I have to admit that I was immediately disappointed, and now I can’t stop thinking about this coat on my eyes. Because I’ve been feeling the barrier between me and this place. I’ve been frustrated with how the town seems guarded, distant—coated (or coded) in some way. That it’s inaccessible. What if I’m the guarded one?


I need to get closer. But I don’t know what that means. What it feels like is this: if I could, I’d like to sit across from that other chair and look into the town’s eyes. To sustain some kind of focus on this place and have the work reflect something intimate. This idea that a deeper understanding of the place will reveal a deeper work.

Maybe I’m already doing that. But I don’t think you get very far in two months. If I’m learning anything, it’s this—that to really become embedded, and to transform yourself within/of the place (to be of the place), you need a good amount of time. I’ve only got two months. When I got here, two months seemed endless. Now, almost halfway through, it’s not enough.

At what point is the observer engaging? Can the observer also perform?

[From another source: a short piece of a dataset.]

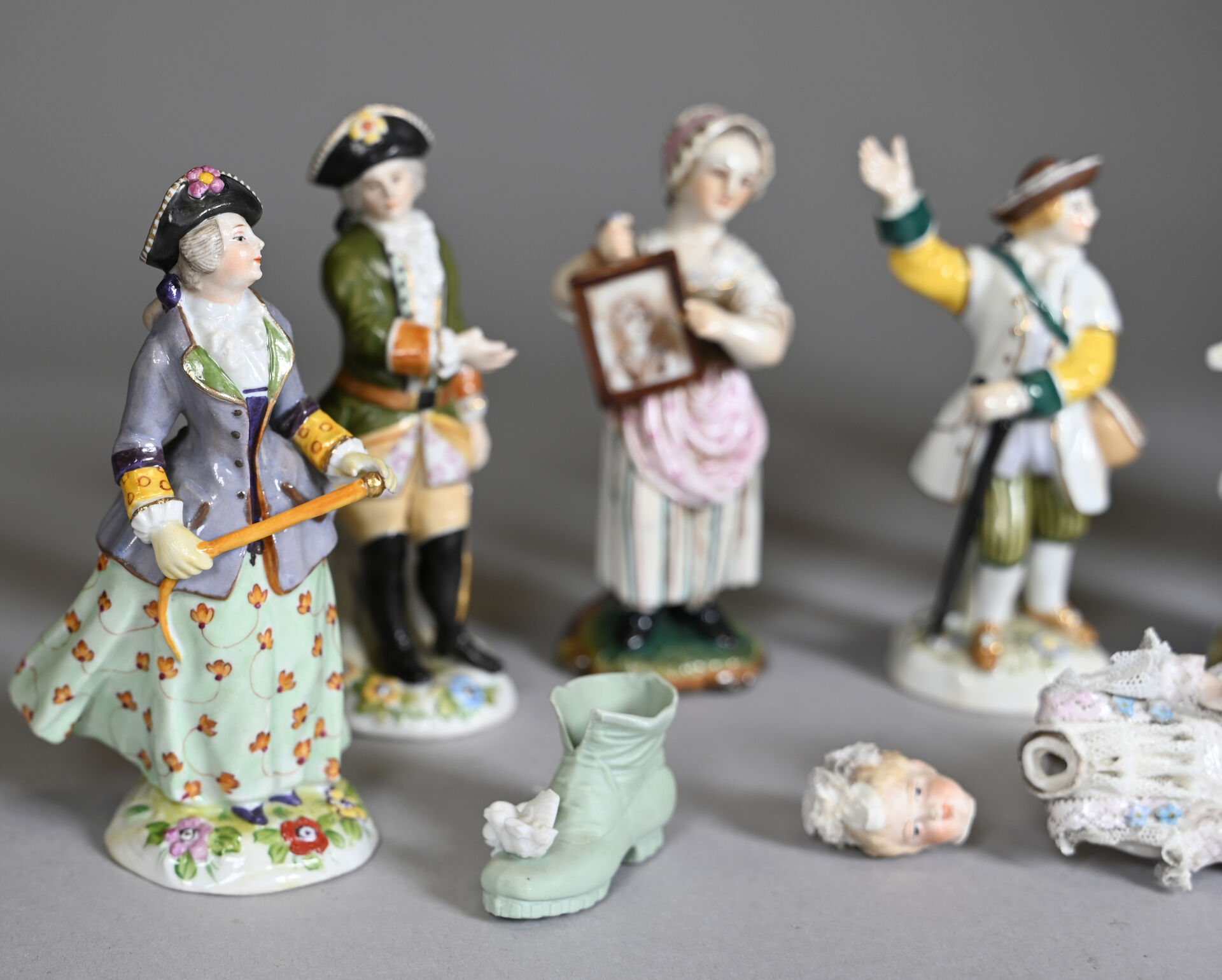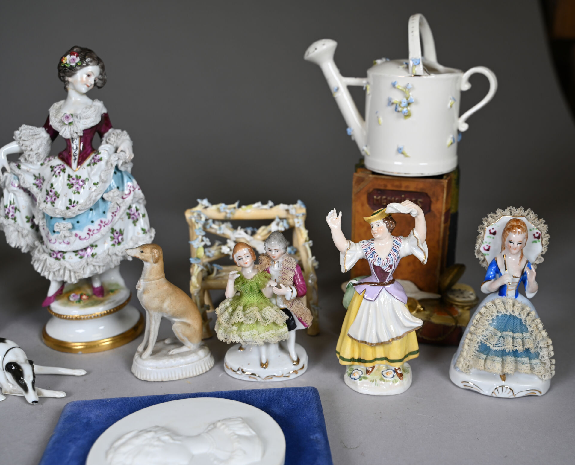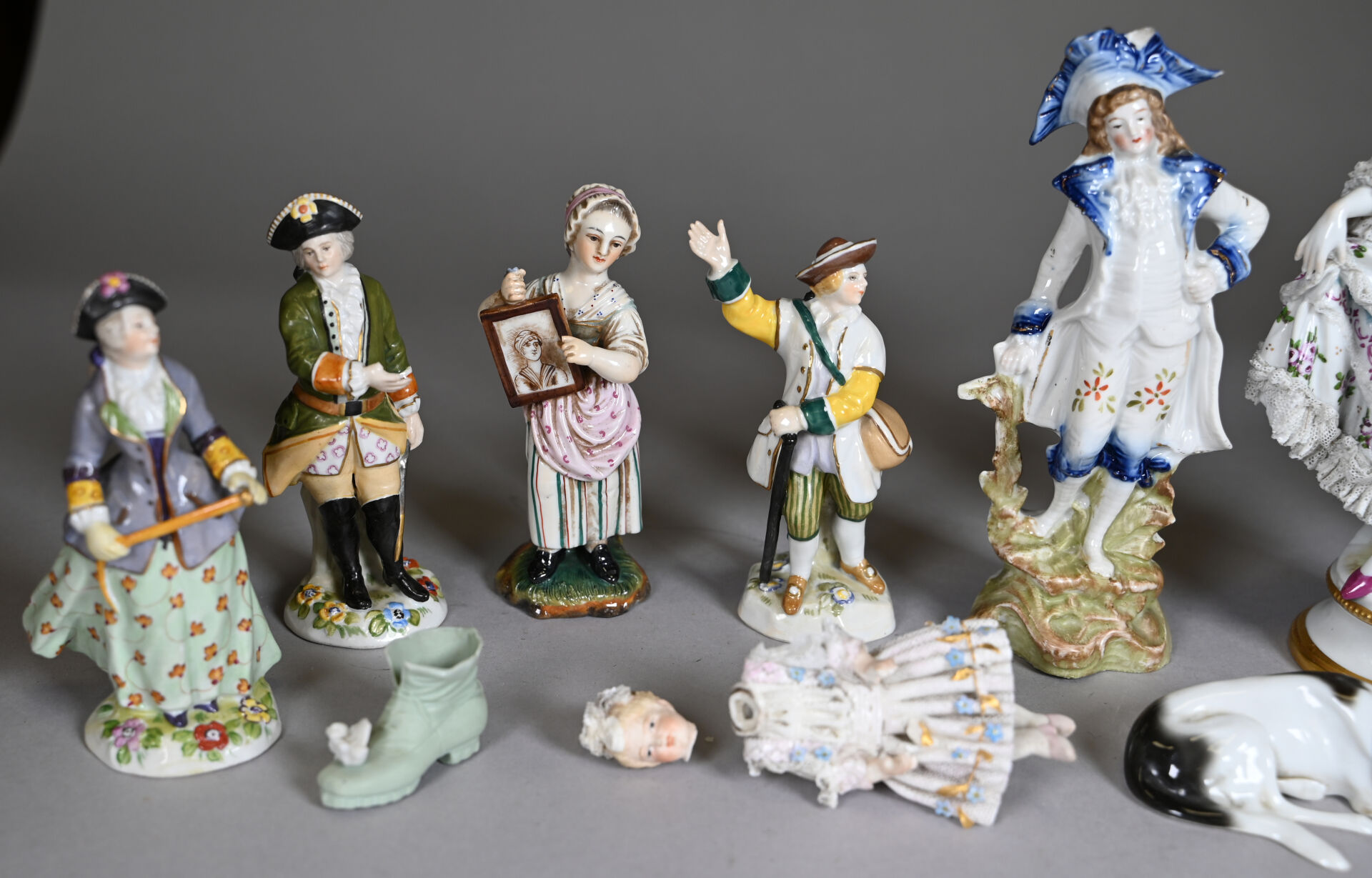 Ensemble de figurines en porcelaine, biscuit et céramique (éclats, usures, manques, restaurations). Saxe, Limoges et divers. 1 petite caisse.

I think I’ve been the observer forever. All of my work has this quality, even the projects I did in school over twenty years ago. When I spent a few days in Susquehanna and did my architecture thesis about the town, I didn’t dare speak to anyone who lived there. It never even occurred to me. Instead, I looked at it. Dipped in, but kept my distance. I worked with found objects, views, maps, photographs, and something grew out of that. I’ve often looked back at that project and wondered what it would have been had I talked with residents of the town.

When I took a semester off to do a film project I called it “eye view.”

In the last few years, I’ve started to talk to people as part of my work. I think it came from years of client work—interviewing people directly to understand their needs. 273 Relics for John Cage started with a recorded conversation with Laura in the driveway at the John Cage Trust. And that 30-minute conversation is embedded in the work.

I did more of that with Weymouths. And even more now in Skagaströnd. Talking, recording, transcribing. Forming relationships with people in the town. Light connections, but still. The woman who owns the café, the librarian, people I’m starting to meet as part of daily activities. The mayor. They’re all informing the work.

What more should I expect. It’s the ambition (and impatience) in me, wanting to go further, get more, do more. Or something earlier: the need for acceptance. As a child I found myself in a small village where I was unable to speak the language. Again and again, I felt like an alien, exposed, and covering up was my protection.

Here I am, forty years later, in a tiny village, looking to connect. Still coated. These trips are like time travel for me, feeling my way through like a child. Looking for resolution in the work.